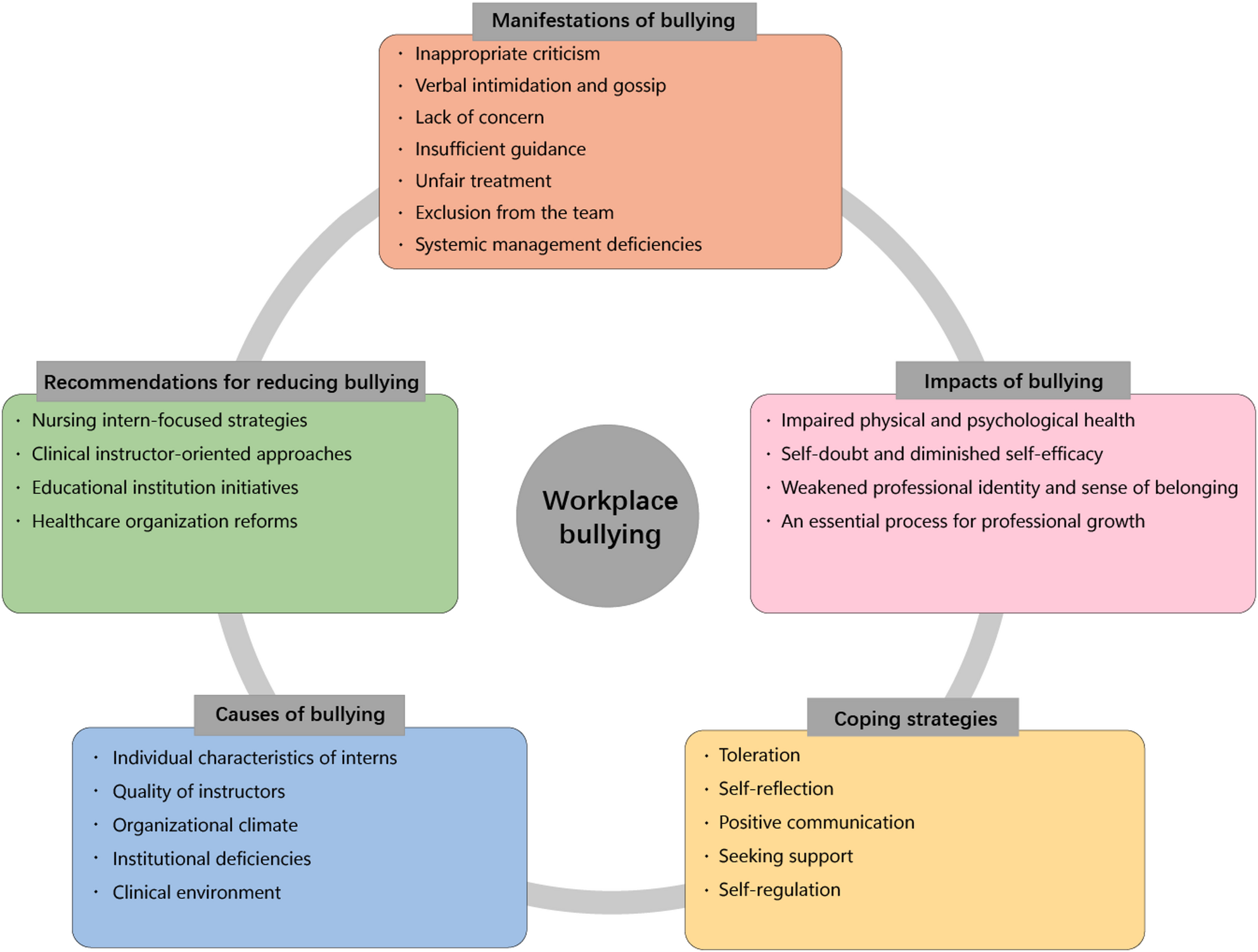 At the nursing intern level, participants emphasized the importance of developing emotional self-regulation, enhancing clinical competence, and adopting effective coping strategies were outlined by Dafny et al. [36], who identified a range of practical responses, including confrontation, seeking support from social networks, consulting instructors, utilizing counseling services, employing self-protective behaviours, reporting incidents to senior staff, and alerting hospital security when necessary. Previous research has also emphasized the importance of enabling students to distinguish between constructive criticism and bullying, analyze feedback objectively, and engage in reflective practice to identify areas for improvement [17]. Moreover, the formation of peer support networks, especially those encouraging experience-sharing and mutual encouragement, is highly effective in reducing the impact of bullying and fostering a more resilient student community [37].
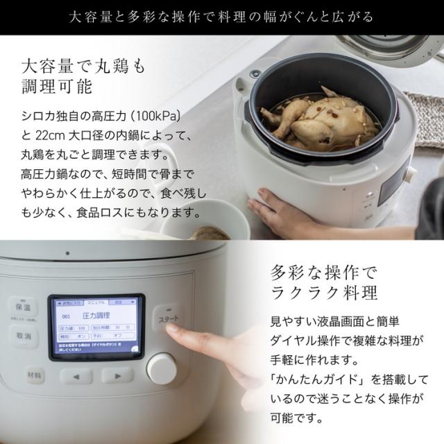 siroca シロカ 電気圧力鍋 5L おうちシェフ PRO L 4~6人用 1台12役 オートメニュー100種 自動調理 時短 予約 炊飯 タイマー 自動減圧 無水調理 蒸し 低温 発酵 煮物 煮込み 保温 レシピ付 SP-5D151【送料無料】
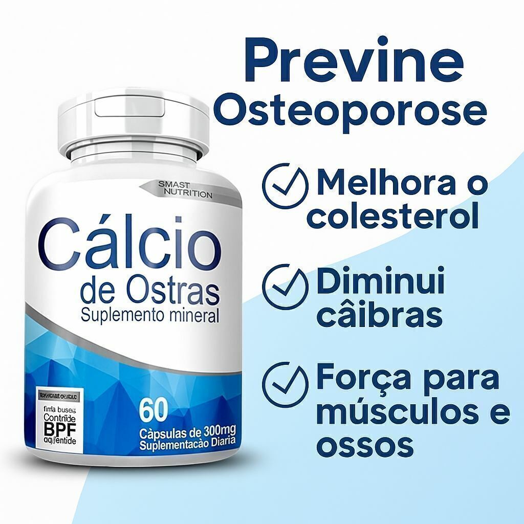 O Cálcio de Ostras é um suplemento mineral natural, indicado para auxiliar na manutenção da saúde óssea e na reposição de cálcio no organismo. Sua fórmula é obtida a partir da concha de ostras, rica em cálcio biodisponível, ideal para suplementação diária.
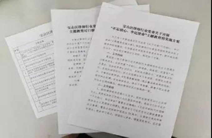 会议首先审议通过了《宝山区律师行业党委关于开展“不忘初心、牢记使命”主题教育的实施方案》《宝山区律师行业党委“不忘初心、牢记使命”主题教育对口联系基层党组织的有关安排》《宝山区律师行业基层党组织主题教育工作任务表》。
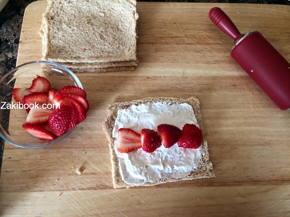– يمكنك وضع حشوة مكونة من الكريمة و الفراولة أو وضع الشكولاتة و قطع الفراولة ثم لفي الخبز.
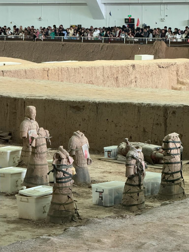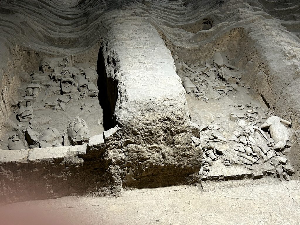 Danach gingen wir in Halle 3. Hier waren nur wenige Gruben freigelegt und man sah die zerbrochenen Tonkrieger und Bruchstücke rumliegen. Die Ausgrabungen sind hier überall noch am Gange.
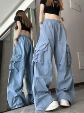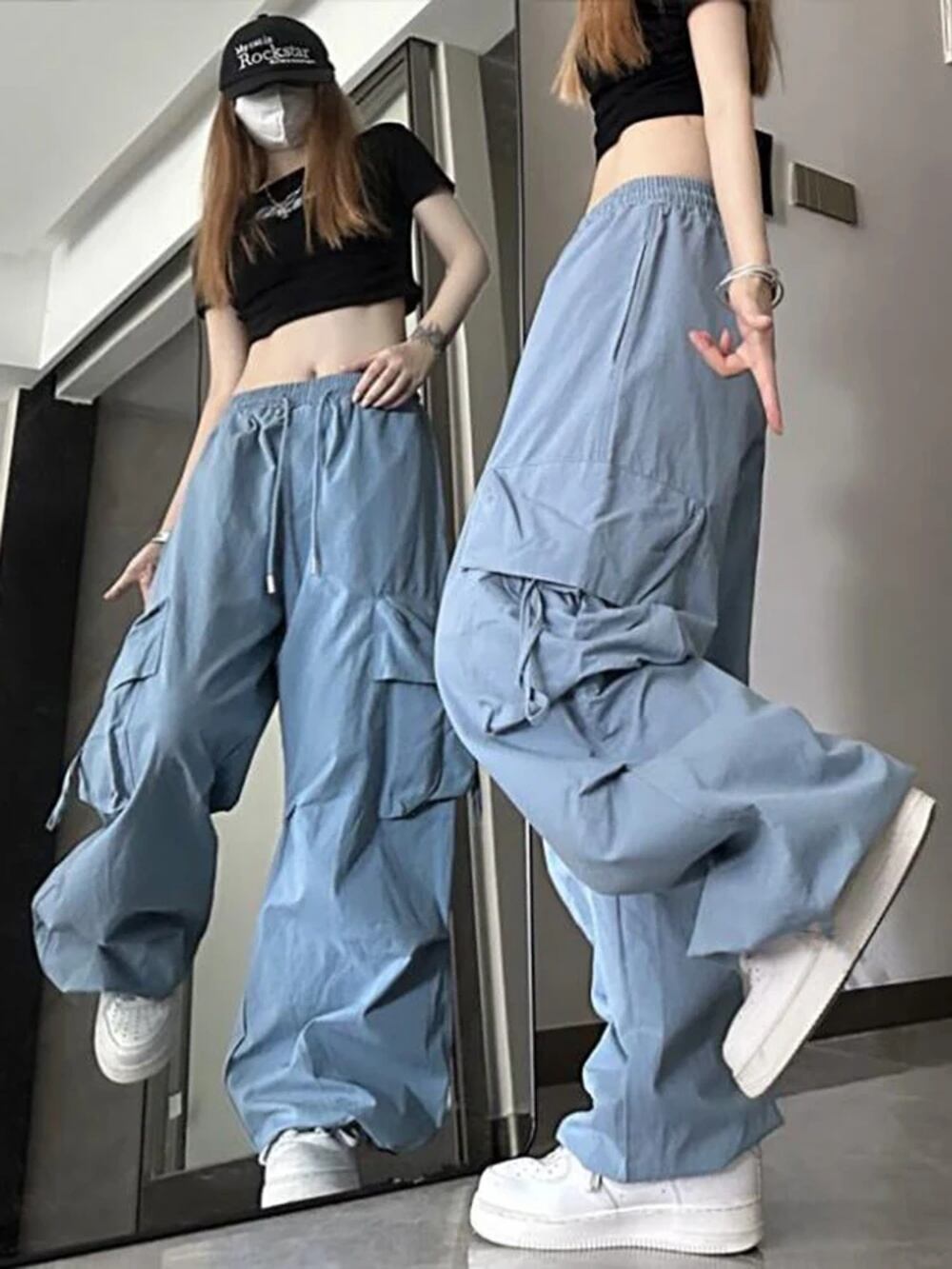 Zoki-女性用ハイウエストカーゴパンツ,ストリートウェア,原宿,ラージ,ポケット,カジュアル,韓国,ルーズフィット ボトム ワイドレッグ バギーパンツ T240831223734_02 | DOKO-ME

....

▶ [What is required]
If a picture sits between the line containing "siroca シロカ 電気圧力鍋" and the line containing "O Cálcio de", leave it out, and return the lines of that range above exactly, both ends included.

▶ [Answer below]
 siroca シロカ 電気圧力鍋 5L おうちシェフ PRO L 4~6人用 1台12役 オートメニュー100種 自動調理 時短 予約 炊飯 タイマー 自動減圧 無水調理 蒸し 低温 発酵 煮物 煮込み 保温 レシピ付 SP-5D151【送料無料】
 O Cálcio de Ostras é um suplemento mineral natural, indicado para auxiliar na manutenção da saúde óssea e na reposição de cálcio no organismo. Sua fórmula é obtida a partir da concha de ostras, rica em cálcio biodisponível, ideal para suplementação diária.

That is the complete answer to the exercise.